As business users move rapidly from telephone to video and make videoconferencing their preferred mode of communication, they will also request new hardware tools to support their video requirements. This might mean replacing desktop computers with laptops or upgrading laptops to handle compute-intensive video software. You may decide to shorten the refresh cycle on laptops, for example, to meet this need.
Once users see how unpredictable lighting and noise levels can be in a typical home office, it’s likely they will also ask for webcams, headsets, and other peripherals to improve the videoconferencing experience for themselves and others.
And of course, changes like these can impact IT budgets. For government agencies and organizations whose fiscal year often begins July 1, this is a good time to look at the IT budget and determine if priorities need to be adjusted before stay-at-home orders are lifted. But every business should consider the implications of the fast-moving wave of video adoption and make sure their budgets reflect this reality.
Consider deploying remote application- and device-management tools.
As the number of conference rooms and devices grows in your organization, it becomes increasingly beneficial to employ a remote device-management tool. These applications allow you to easily provision and manage conference rooms, devices, and software. They enable you to deploy product upgrades and bug fixes to make sure systems and rooms are functioning and up to date. They give you visibility into conference room issues in real time so you can resolve problems before they affect a meeting.
And of course, these tasks can be expedited from a remote location, minimizing site visits.
Just as important, a remote device-management tool can provide valuable insights on metrics such as room utilization. This data can be used to improve meeting scheduling and hardware provisioning. To learn more about Logitech’s remote device-management tool for video conferencing, check out Logitech Sync.
Document your best practices.
A final recommendation is to be sure you are documenting the steps you’re taking to video-enable the business. For many organizations, this move represents an acceleration of existing initiatives. You may need to justify budget requests in light of changing priorities and rapid video adoption. Providing management with visibility into the work you're doing can support your budget needs.
Adapt to an environment that is both temporary and permanent.

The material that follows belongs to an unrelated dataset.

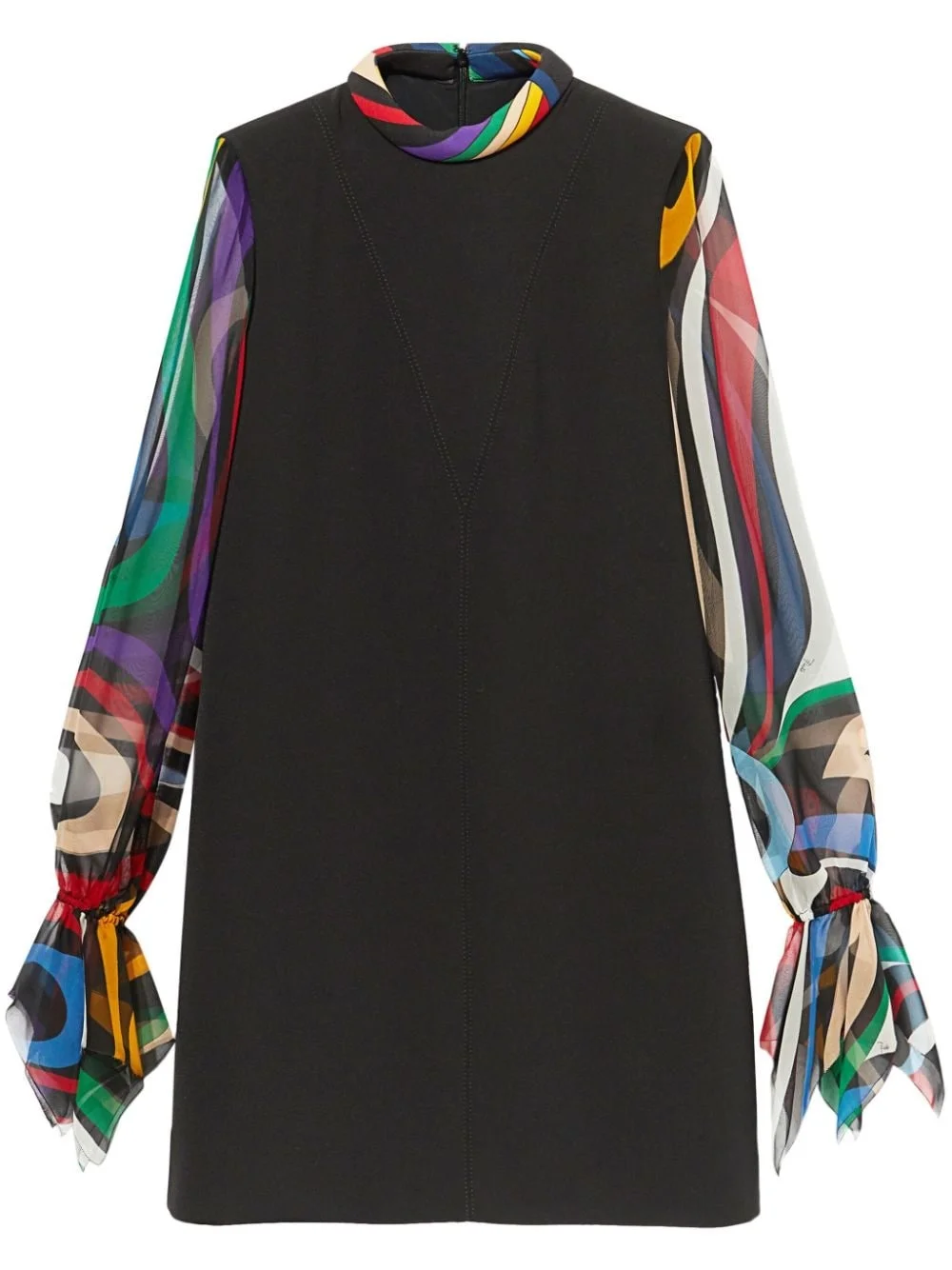 Marmo-print mini dress Highlights - Black/multicolour - Cady texture - Abstract pattern print - Concealed rear zip fastening - Mock neck - Long sheer sleeves - Elasticated cuffs - Straight hem - Thigh-length Made in Italy Composition Lining: Acetate 67%, Polyester 33% Outer: Polyester 92%, Spandex/Elastane 8% Washing instructions Read Manufacturer Guidelines

There’s no question that recent global events have accelerated trends in working remotely and working from home. While we recognize that current stay-at-home orders will evolve with the changing environment, we should not expect everything to return to the way it was before. It seems clear there will be less business travel, more video conferences, and more remote work.
IT managers would be wise to take a proactive approach to this situation and prepare themselves for an even larger wave of video conferencing and video adoption. Doing so can help meet user needs while minimizing support requests and trouble tickets.